Марик уже не слушал, ноги сами несли его домой. У мамы сегодня выходной в этой её парикмахерской, и занятий в институте нет. Если, конечно, к ней не пришла, как говорит бабушка, «халтура на дом».
Но «халтура» к маме пришла. Дородная женщина, у которой подбородок начинался от нижней губы и, самотёком переходя в шею-трубу, пропадал в вырезе на лавсановой кофте, сидела в кресле отчима, и мама старательно делала ей начёс на голове. Марик едва выждал, когда волосы «халтуры» лягут в аккуратный каравай, и, оставшись с мамой вдвоём, сбивчиво выложил свою идею.
- И как тебе в голову такое пришло! - возмутилась мама. - Ты - Синицкий, и никаких Гагариных в нашем роду не было и быть не может!
Бабушка Неля тоже его не одобрила. Поглядывая на маленький портрет Ленина, с которым она не расставалась ни в эвакуации, ни в довоенных геологических экспедициях, она ласково пожурила внука: зачем, мол, враньё, Родине нужны любые фамилии.
Не найдя поддержки родных, Марик дождался вечера, когда все соседи придут с работы, и вышел на коммунальную кухню.

- Сомнения есть, - уплетая макароны, сказал Рома. - Ты внешне на Гагарина не очень похож. У тебя вон волосы кучерявые.
- Ну и что! - с жаром вступилась за Марика Ниночка. - Володя Ульянов в детстве тоже кудрявым был, не веришь - посмотри на мой октябрятский значок! А вырос - и никаких кудрей!
- Аргумент! - пробасил Рома, оглядывая Марика. - Только всё равно, чем докажешь?
Марик набрал воздух в рот и чуть было не поперхнулся от возмущения. За прошедшие сутки он сам настолько поверил в гагаринское отцовство, что переубедить его, наверное, не смог бы и сам Гагарин.
- Зов крови, - процедил он сквозь зубы и волчонком зыркнул на Рому.
- Слушай, дружок, Юрию Алексеевичу сейчас двадцать семь, по радио сказали. А тебе десять. Что ж, он тебя в семнадцать лет родил, что ли?
- Какой ты глупый, а ещё студент! - снова возмутилась Ниночка. - Его ж не Гагарин, его мама Лида рожала.
Рома захохотал.
- Ну, а что у нас мама Лида говорит? Помнит она сама-то?
В этом пункте красивая теория Марика, конечно, давала трещину. Мама-то, безусловно, должна помнить отца, но ведь сама говорила: ни документов от него не осталось, ни фотографий. А вдруг он, папка, был настолько засекреченным, что и внешность специально изменял для конспирации?

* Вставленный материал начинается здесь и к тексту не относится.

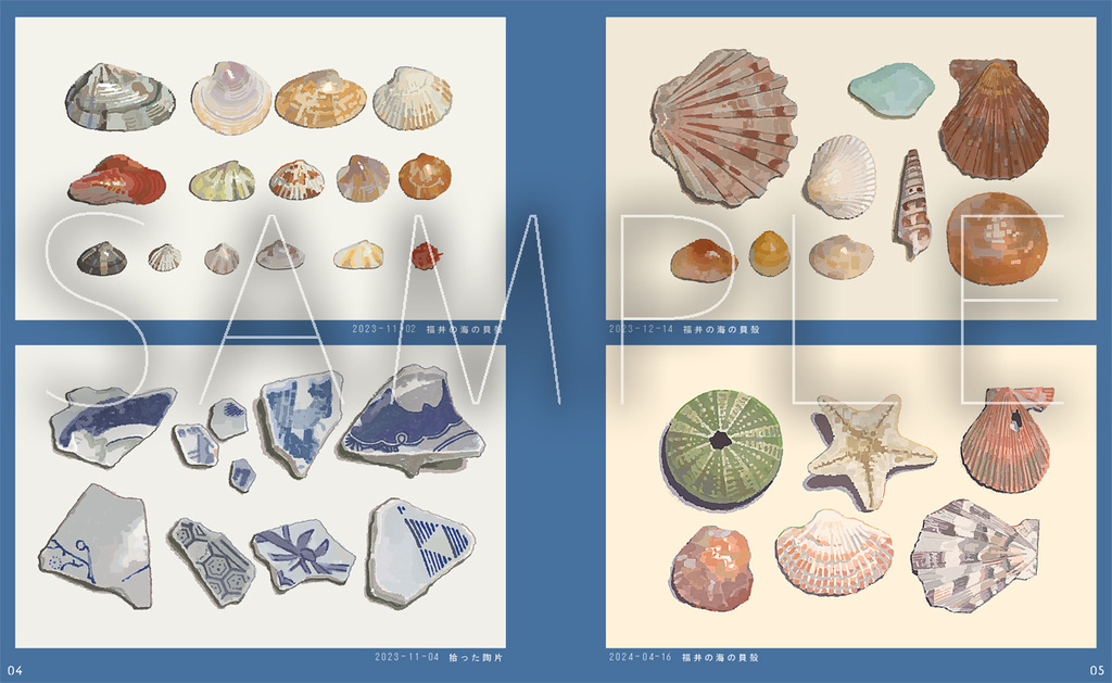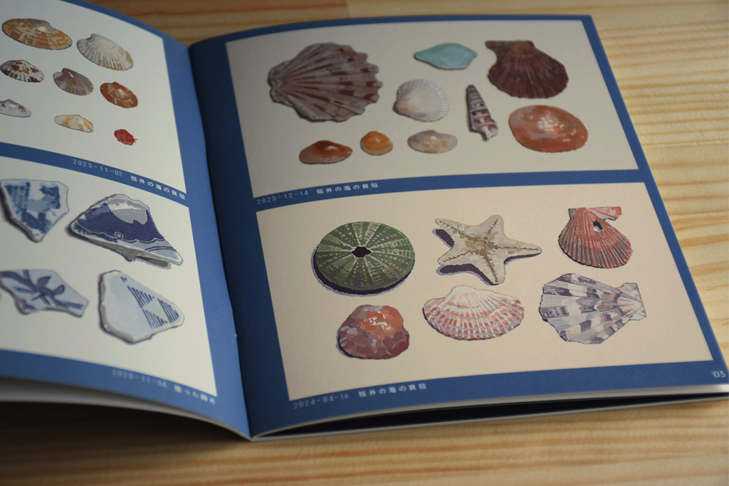 海(や貝殻や石)の絵をまとめた本です。

В кухню вошёл дядя Петя с паяльником, Ниночка заулыбалась отцу, и Марик с грустью отметил, что вот Козыревы - одно лицо. Так же оба морщат носы, когда смеются, так же хмыкают, выпятив губу, так же щурят абсолютно одинаковые серые глаза. И у обоих – жиденькие светлые волосики на голове, как будто смотанные с одной и той же катушки из галантереи. Он снова взглянул на разворот «Ленинградской правды» с портретом Гагарина на всю страницу, и, вздохнув, согласился, что Рома прав: не похож Марик Синицкий на первого космонавта.
- Ты, Марлен, жидовчик, - закуривая папиросу из пачки «Казбека», сказал дядя Петя. - А Гагарин - русский. Его, может, из-за пятого пункта в космос и пустили. Думаешь, у них анкет там нет?
И показал пальцем на потолок.
- Ну уж, сосед, язык у тебя, как помело! – буркнул Рома и покачал головой.
О том, что в космосе есть анкеты, Марик как-то не думал. Вспомнился бабушкин полушёпот, когда она рассказывала о какой-то загадочной и непонятной «той ветке», и о том, что анкета почему-то их «приговор». И то, что дядя Жора положение их семьи своей фамилией никак не исправил, а только «усугубил». Но Марик всех этих недомолвок не понимал, лишь только чутьё подсказывало, что дядя Петя Козырев, хоть и тянет на гада, знает про всё это намного больше.
- Ну и пусть! - закричал он прямо в лицо оторопевшим соседям. - Ну и пусть, что русский! Вы ничего не понимаете! Вы не видели моего настоящего папку, а спорите со мной! Мне-то лучше знать! И наплевать, что вы все не верите, а вот увидите! Увидите!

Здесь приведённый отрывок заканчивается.